● Excerpted records
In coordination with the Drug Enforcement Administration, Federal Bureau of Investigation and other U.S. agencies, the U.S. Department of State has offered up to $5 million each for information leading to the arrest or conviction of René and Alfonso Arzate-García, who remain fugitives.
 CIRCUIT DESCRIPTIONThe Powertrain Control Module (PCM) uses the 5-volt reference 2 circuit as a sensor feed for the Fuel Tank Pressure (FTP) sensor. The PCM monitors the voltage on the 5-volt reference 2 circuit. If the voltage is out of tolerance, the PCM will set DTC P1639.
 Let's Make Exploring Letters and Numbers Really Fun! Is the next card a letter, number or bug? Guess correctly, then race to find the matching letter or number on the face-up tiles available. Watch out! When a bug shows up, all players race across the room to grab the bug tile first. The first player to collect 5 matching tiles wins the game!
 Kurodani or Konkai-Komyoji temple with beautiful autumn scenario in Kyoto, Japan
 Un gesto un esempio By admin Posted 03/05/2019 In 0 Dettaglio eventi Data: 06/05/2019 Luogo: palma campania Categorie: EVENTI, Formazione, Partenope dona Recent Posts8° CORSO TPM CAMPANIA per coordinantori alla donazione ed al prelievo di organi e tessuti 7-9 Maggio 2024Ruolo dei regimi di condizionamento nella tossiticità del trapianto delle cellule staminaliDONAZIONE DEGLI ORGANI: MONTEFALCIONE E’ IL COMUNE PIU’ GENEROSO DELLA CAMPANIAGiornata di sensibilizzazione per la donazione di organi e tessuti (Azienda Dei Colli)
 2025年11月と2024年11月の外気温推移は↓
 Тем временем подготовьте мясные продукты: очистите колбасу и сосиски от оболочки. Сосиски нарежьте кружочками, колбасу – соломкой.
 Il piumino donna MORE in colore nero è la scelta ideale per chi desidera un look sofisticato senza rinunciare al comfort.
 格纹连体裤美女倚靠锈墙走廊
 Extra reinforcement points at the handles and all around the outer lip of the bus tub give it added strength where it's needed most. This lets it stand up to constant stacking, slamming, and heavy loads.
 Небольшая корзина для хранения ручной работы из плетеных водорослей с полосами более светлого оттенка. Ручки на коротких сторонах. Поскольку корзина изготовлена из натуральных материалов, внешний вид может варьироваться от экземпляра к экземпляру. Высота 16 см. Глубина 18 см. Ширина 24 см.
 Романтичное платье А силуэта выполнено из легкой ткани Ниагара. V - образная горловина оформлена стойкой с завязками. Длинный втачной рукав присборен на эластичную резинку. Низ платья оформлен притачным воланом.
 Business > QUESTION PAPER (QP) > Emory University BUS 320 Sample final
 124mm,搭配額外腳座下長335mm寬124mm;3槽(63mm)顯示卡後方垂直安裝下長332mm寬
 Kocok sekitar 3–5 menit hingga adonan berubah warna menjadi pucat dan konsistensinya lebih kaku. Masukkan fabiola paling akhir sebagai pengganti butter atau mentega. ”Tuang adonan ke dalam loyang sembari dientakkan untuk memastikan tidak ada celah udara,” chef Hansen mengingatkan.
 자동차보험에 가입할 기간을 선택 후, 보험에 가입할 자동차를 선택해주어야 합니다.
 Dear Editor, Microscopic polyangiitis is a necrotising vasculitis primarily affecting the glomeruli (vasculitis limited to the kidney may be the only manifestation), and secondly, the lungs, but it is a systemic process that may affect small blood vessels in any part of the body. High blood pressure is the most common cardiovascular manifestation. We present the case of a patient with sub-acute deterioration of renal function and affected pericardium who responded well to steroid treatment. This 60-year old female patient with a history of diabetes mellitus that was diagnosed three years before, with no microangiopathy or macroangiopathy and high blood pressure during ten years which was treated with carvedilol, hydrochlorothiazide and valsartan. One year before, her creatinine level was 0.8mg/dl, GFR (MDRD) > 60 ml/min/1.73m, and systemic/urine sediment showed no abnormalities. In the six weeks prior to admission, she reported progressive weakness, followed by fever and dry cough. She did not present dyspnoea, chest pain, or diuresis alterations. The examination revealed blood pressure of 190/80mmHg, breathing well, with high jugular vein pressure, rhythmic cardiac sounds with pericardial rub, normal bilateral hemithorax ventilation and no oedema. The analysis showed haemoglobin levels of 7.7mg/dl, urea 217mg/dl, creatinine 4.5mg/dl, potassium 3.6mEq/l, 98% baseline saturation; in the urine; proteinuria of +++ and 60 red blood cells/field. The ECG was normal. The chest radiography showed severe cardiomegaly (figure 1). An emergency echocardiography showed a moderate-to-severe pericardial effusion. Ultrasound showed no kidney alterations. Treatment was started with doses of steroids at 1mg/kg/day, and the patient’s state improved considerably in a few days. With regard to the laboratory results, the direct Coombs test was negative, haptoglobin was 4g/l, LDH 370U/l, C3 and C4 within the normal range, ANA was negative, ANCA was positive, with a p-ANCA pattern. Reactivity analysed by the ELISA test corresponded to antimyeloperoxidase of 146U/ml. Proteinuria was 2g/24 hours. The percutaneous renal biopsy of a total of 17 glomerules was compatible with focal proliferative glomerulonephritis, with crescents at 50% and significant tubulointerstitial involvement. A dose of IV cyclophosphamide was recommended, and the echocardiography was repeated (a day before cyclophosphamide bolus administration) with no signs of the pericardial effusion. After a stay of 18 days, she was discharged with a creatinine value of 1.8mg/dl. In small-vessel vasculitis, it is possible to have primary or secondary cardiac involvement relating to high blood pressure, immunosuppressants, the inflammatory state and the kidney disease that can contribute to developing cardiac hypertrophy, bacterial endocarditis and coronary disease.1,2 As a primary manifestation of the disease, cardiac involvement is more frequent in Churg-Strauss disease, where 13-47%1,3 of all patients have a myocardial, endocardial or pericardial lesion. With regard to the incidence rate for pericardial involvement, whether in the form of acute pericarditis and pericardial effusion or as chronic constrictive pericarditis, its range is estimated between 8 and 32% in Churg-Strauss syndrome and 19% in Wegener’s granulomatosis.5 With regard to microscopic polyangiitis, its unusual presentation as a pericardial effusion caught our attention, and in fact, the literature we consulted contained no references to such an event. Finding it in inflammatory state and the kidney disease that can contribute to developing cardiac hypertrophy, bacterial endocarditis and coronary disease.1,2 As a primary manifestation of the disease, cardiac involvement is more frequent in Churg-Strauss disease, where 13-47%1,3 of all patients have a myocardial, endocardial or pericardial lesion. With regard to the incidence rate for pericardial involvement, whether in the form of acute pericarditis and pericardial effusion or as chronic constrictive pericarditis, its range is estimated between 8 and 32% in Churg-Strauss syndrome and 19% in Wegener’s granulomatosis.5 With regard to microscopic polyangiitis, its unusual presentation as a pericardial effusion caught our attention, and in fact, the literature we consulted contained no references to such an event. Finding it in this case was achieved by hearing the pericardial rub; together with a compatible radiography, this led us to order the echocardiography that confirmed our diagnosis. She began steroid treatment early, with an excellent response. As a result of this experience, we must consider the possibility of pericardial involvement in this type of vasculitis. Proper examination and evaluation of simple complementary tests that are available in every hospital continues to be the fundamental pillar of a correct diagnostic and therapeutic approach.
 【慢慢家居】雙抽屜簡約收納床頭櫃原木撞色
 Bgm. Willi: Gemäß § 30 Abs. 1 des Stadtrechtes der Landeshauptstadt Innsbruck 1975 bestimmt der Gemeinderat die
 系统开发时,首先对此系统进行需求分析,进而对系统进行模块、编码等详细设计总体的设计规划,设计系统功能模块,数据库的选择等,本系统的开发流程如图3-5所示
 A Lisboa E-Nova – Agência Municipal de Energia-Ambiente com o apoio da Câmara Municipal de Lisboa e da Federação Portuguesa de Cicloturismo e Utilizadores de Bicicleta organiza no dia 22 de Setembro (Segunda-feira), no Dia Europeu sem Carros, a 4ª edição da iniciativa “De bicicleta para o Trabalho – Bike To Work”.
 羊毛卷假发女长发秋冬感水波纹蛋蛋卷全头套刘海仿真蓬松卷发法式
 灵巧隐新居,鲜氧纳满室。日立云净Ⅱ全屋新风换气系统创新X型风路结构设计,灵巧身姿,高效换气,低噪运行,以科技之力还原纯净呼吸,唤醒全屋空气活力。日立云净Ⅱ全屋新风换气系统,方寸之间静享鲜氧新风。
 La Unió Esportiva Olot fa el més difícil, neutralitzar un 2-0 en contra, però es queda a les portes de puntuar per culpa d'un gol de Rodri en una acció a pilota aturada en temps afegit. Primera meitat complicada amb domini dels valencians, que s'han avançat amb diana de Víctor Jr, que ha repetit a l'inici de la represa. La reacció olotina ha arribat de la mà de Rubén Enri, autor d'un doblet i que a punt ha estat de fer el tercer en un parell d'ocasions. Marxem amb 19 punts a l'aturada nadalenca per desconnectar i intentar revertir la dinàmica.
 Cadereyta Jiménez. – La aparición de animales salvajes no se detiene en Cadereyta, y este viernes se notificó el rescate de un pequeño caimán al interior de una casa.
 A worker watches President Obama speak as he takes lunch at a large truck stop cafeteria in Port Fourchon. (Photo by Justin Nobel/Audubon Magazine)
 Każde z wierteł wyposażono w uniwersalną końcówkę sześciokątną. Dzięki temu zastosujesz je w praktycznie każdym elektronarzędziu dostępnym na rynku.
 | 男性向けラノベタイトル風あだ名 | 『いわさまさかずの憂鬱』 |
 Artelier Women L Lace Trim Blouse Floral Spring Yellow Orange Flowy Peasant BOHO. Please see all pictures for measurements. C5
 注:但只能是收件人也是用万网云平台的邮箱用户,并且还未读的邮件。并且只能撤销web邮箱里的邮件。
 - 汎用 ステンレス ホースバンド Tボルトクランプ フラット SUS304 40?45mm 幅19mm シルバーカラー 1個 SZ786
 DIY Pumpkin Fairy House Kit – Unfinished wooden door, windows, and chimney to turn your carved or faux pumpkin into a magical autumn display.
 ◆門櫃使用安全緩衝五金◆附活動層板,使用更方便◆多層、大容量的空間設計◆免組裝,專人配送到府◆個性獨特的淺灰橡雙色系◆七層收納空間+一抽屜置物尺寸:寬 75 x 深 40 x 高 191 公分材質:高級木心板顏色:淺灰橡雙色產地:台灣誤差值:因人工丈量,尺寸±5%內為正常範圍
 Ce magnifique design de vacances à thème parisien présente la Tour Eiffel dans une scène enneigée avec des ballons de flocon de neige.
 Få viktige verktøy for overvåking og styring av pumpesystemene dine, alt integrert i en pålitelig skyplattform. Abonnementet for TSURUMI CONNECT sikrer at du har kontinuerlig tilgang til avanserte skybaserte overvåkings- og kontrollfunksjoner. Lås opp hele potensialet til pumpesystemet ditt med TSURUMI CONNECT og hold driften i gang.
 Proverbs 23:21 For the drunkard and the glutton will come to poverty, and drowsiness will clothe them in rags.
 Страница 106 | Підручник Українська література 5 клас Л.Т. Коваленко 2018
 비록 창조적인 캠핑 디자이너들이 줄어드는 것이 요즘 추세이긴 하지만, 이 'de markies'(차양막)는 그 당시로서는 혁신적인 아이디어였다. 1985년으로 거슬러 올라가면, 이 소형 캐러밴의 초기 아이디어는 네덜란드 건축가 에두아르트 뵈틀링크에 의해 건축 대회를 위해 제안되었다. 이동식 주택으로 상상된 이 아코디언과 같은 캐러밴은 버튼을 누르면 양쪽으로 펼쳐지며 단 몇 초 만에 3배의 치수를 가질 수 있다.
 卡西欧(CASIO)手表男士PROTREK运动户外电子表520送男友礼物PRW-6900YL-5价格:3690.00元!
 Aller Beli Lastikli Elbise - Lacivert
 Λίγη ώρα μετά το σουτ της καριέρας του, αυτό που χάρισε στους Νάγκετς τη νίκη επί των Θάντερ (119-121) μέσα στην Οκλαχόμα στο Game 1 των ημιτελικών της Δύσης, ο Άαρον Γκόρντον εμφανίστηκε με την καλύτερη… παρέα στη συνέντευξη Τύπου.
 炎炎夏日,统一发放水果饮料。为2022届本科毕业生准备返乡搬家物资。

● What you are asked to do
Whichever lines of the records above hold the word "autumn" should all be copied out.

● Answer below
 Kurodani or Konkai-Komyoji temple with beautiful autumn scenario in Kyoto, Japan
 DIY Pumpkin Fairy House Kit – Unfinished wooden door, windows, and chimney to turn your carved or faux pumpkin into a magical autumn display.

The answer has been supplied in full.